▶ _What is required_
Could you give back exactly the lines below from the one with "10月中旬,广东省交通集团平" through the one with "コスチュームジュエリーに、よ", without a single picture?

▶ _Input data_

○ ○ ○

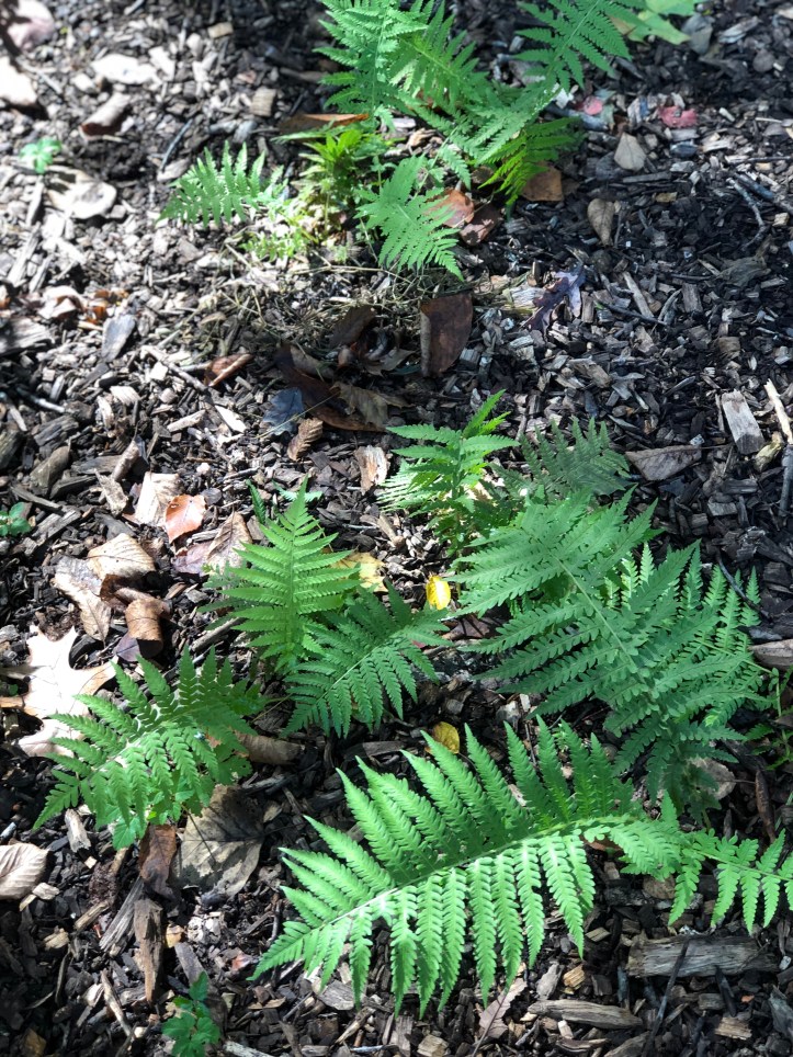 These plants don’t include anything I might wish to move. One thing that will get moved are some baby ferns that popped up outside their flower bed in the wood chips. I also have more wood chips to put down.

○ ○ ○

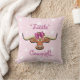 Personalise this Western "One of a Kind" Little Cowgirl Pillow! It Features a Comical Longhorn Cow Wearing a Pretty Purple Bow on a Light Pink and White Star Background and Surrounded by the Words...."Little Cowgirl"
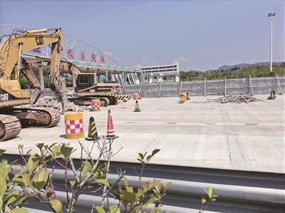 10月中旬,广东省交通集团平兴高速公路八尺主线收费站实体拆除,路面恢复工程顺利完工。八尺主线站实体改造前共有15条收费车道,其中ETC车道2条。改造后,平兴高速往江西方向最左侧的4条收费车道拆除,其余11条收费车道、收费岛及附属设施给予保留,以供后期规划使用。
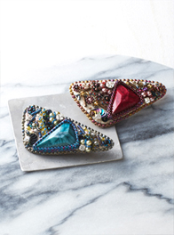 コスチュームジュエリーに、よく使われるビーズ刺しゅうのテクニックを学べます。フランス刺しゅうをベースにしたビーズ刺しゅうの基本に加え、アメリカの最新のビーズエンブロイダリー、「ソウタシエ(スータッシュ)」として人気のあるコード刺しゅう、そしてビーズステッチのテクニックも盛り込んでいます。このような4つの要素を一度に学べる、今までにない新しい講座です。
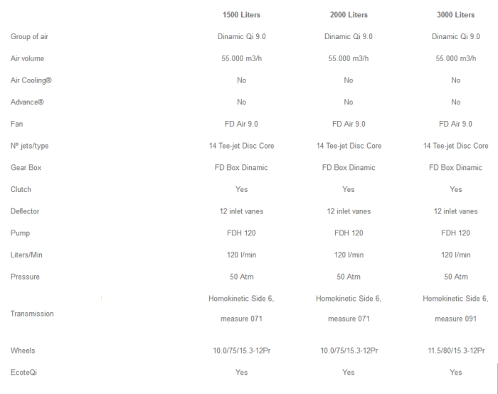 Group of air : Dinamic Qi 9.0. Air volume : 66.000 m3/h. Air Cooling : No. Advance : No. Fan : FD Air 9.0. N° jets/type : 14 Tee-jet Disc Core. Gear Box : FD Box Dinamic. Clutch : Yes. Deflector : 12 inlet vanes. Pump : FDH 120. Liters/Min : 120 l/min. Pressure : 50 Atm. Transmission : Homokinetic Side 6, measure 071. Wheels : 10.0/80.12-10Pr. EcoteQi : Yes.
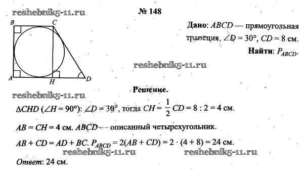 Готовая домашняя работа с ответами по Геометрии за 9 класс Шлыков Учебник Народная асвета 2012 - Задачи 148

○ ○ ○

▶ _Answer for this exercise_
 10月中旬,广东省交通集团平兴高速公路八尺主线收费站实体拆除,路面恢复工程顺利完工。八尺主线站实体改造前共有15条收费车道,其中ETC车道2条。改造后,平兴高速往江西方向最左侧的4条收费车道拆除,其余11条收费车道、收费岛及附属设施给予保留,以供后期规划使用。
 コスチュームジュエリーに、よく使われるビーズ刺しゅうのテクニックを学べます。フランス刺しゅうをベースにしたビーズ刺しゅうの基本に加え、アメリカの最新のビーズエンブロイダリー、「ソウタシエ(スータッシュ)」として人気のあるコード刺しゅう、そしてビーズステッチのテクニックも盛り込んでいます。このような4つの要素を一度に学べる、今までにない新しい講座です。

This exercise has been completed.